If you liked this post, please consider making a small donation!


Wednesday, March 15, 2023

The Sci-Fi Linguistics of Babel-17

Despite being far from the only, or even the best, novel, novella, or short story about the Sapir-Whorf hypothesis, Samuel R. Delaney's Babel-17 (Amazon Affiliate link as usual) is famous as "that novel about the strong Sapir-Whorf hypothesis". But, there is a bit more to it than that.

The opening of the story is highly reminiscent of the much later Story of Your Life by Ted Chiang: a language expert who has previously done work for the military is recruited by a general to decipher some alien communication and tells him that it's impossible without more data:

"Unknown languages have been deciphered without translations, Linear B and Hittite for example. But if I'm going to get further with Babel-17, I'll have to know a great deal more. [...] General, I have to know everything you know about Babel-17; where you got it, when, under what circumstances, anything that might give me a clue to the subject matter. [...] You gave me ten pages of double-spaced typewritten garble with the code name Babel-17 and asked me what it meant. With just that, I can't tell you. With more, I might. It's that simple."

In fact, Rydra Wong is in a much worse position with Babel-17 than historical linguists were with Hittite and Linear B--in each of those cases, although we lacked an equivalent to the Egyptian Rosetta Stone, at least we had the context of history and knowledge of other possible related languages to provide some direction in decoding their texts. Or at least, she would be... if she weren't psychic. Delaney neatly sidesteps the entire problem of actually deciphering and learning the language (excusable, because that's not actually the point of the story) by giving Rydra Wong supernatural powers to extract meaning that just isn't actually there. Some biotechnobabble explanation is given for how her ability to read minds works, but it fails to extend to the fact that she is said to have a history of being able to look ant unbroken code and suddenly intuit what it was meant to say--an ability which she also employs to start cracking Babel-17, and which kind of undercuts the otherwise entirely reasonable claim that she needs more data to actually decipher it! She might as well be a D&D character casting Comprehend Languages.

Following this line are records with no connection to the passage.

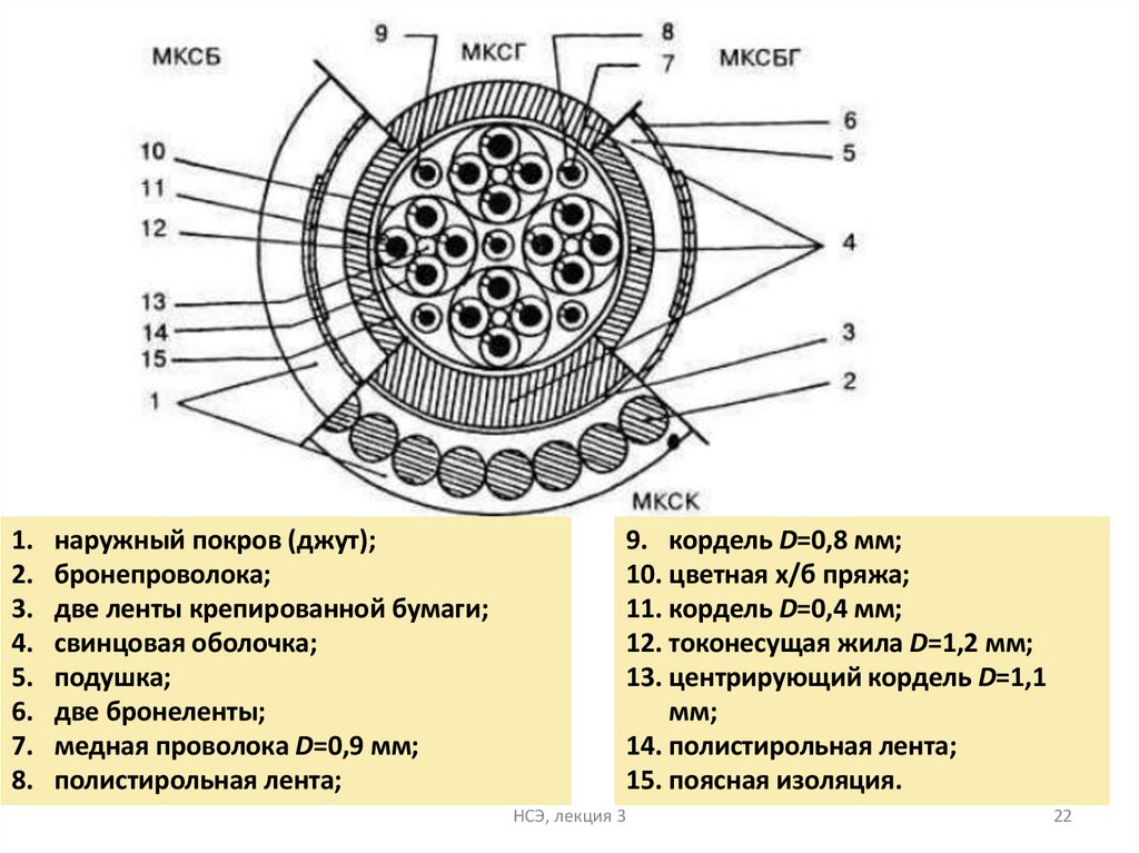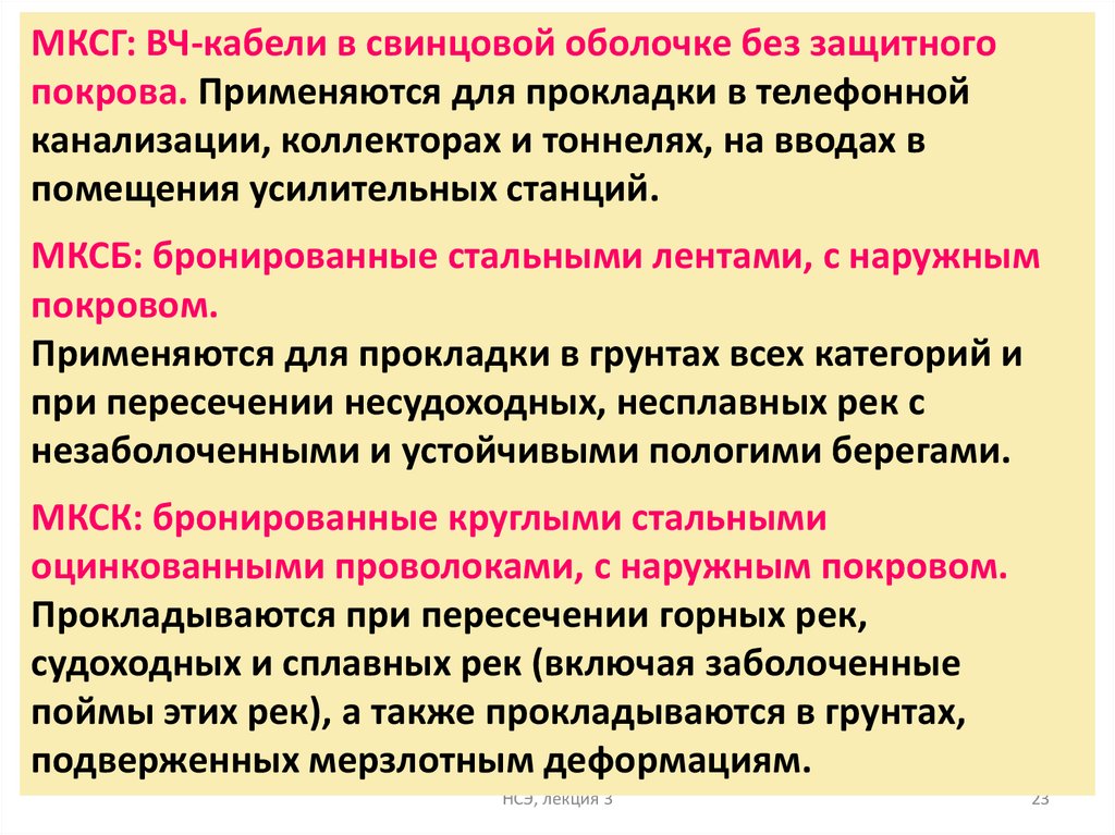МКСГ: ВЧ-кабели в свинцовой оболочке без защитногопокрова. Применяются для прокладки в телефонной
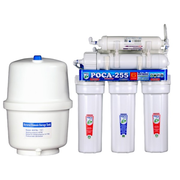 Фільтр з накопичувальним баком встановлюється під мийкою, підключається до водопроводу, має в комплекті окремий кран очищеної води та всі інші деталі, необхідні для монтажу і експлуатації. Працює при тиску в системі водопостачанняgt; 3кг/см, при меншому тиску використовується фільтри "РОСА-261", "РОСА-265" з насосом.
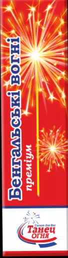Бенгальські свічки, або бенгальські вогні - це дуже популярний, улюблений і порівняно безпечний вид піротехніки. З точки зору пристрою, бенгальська свічка - це шматок металевого дроту, на який нанесений піротехнічний склад. Основною відмінністю бенгальських вогнів від основної частини піротехніки є можливість використовувати їх у закритих приміщеннях та на святкових столах. Властивості: Застосовувати можна у закритих приміщеннях та на відкритому повітрі. Легко підпалюються та стійко горять. При горінні мало виділяють дим. Спосіб застосування: Бенгальська свічка підпалюється сірником та тримається під нахилом на витягнутій руці до повного згоряння. Увага! Небезпечна зона - територія радіусом 50 см. Бенгальські вогні – незамінний атрибут святкування Нового Року!
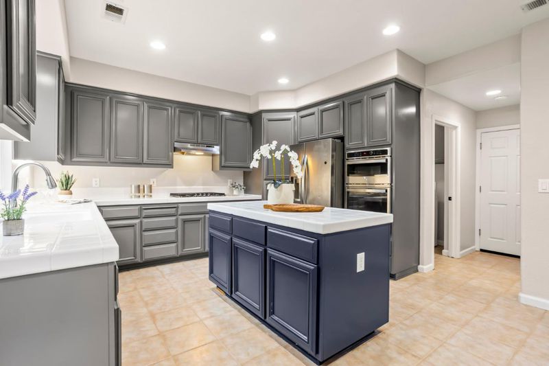 - 220 Volt Outlet, Cooktop - Gas, Countertop - Tile, Dishwasher, Garbage Disposal, Hood Over Range, Island, Microwave, Oven - Built-In, Refrigerator
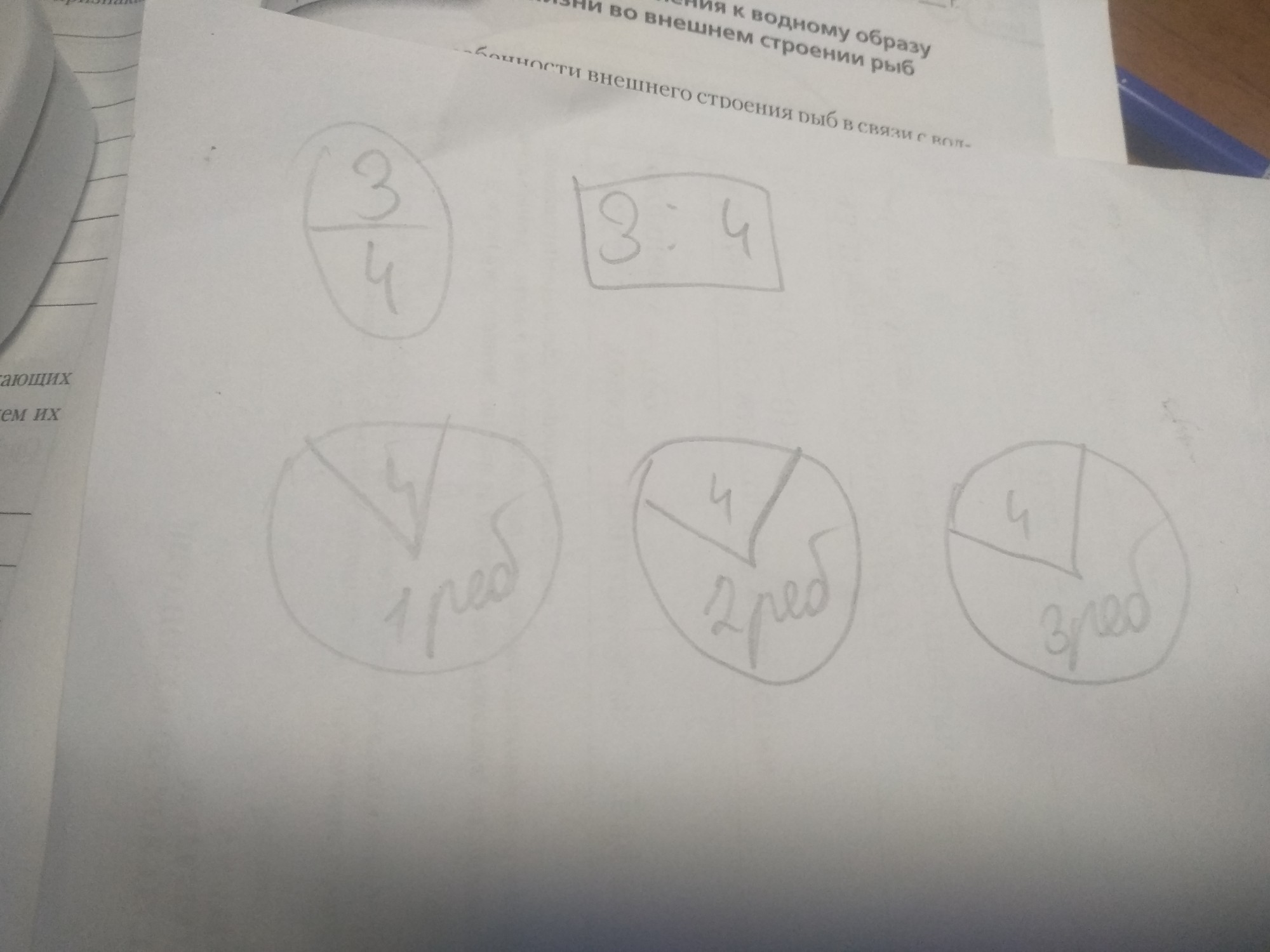 Надеюсь поймёте. Ну получилось, что каждому ребенку достанется 3/4 и вот так это на рисунке.
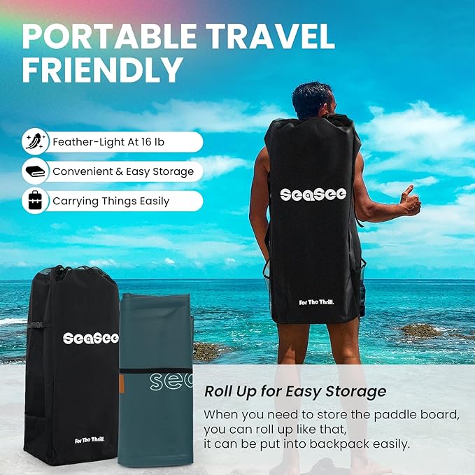 - 【Premium Material Stable Structure】SEASEESUP paddle board is made of polyethylene material, sturdy and durable. The EVA surface has a good anti-slip effect.The board has a stable and wide design, with a maximum load capacity of 330lb,which provides good buoyancy and stability.
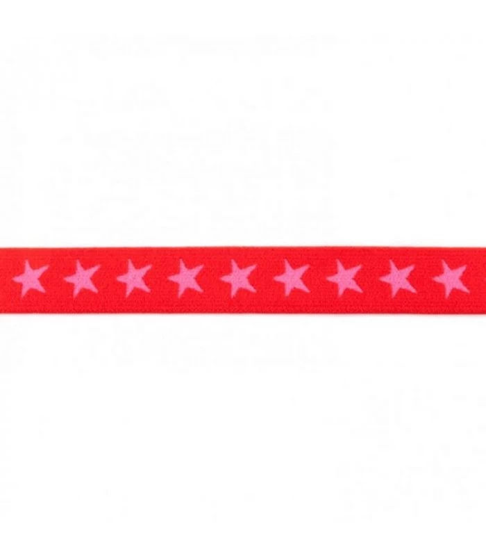 TILBEHØR>ELASTIKKER>Stjerneelastik – Undertøjselastik med stjerner i 2 cm, 2,5 cm og 4 cm>Stjerneelastik 2 cm – Blød undertøjselastik med stjerner>Undertøjselastik 2 cm – Rød med pink stjerner

Once Rydra learns Babel-17, we get only minimal descriptions of how it actually works as a language. It appears to be a sort of oligosynthetic speedtalk and taxonomic language, in which the form of every word encodes its definition, a feature which supposedly promotes clearer thinking and deep understanding of everything in the world that it can name. Additionally, it has no word for "I", which is supposed to imply that thinking in Babel-17 prevents someone from acting with self-awareness, with the explanation that

"Butcher, there are certain ideas which have words for them. If you don't know the words, you can't know the ideas."

Which is, well... crap. After all, we coin new words after conceiving of the new words for, so clearly having the words for ideas is not necessary to having the ideas; rarely do we coin new words and then go looking for novel ideas to attach to them! When Rydra talks about language throughout the rest of the book, it's a mixture of reasonable stuff and linguistic technobabble. For example, as a weaker form of the previous statement, Rydra also explains that

"If you have the right words, it saves a lot of time and makes things easier."

which is absolutely true! That's why technical jargons exist. But this gets taken to a ridiculous science-fiction extreme in the description of another alien language: Supposedly, Çiribians can describe the complete schematics of an industrial facility with novel features that they want to duplicate in nine short words, which is... implausible, to say the least. Why would anyone have pre-existing short words to describe previously-unknown technological innovations developed by other aliens?

Then, we have this:

"Mocky, when you learn another tongue, you learn the way another people see the world, the universe."

Also very true! This is one of the many arguments for why documenting and trying to save dying languages is such important work--every time a language dies, the worldview communicated through that language, and the cultural knowledge encoded in that language, dies with it. But then...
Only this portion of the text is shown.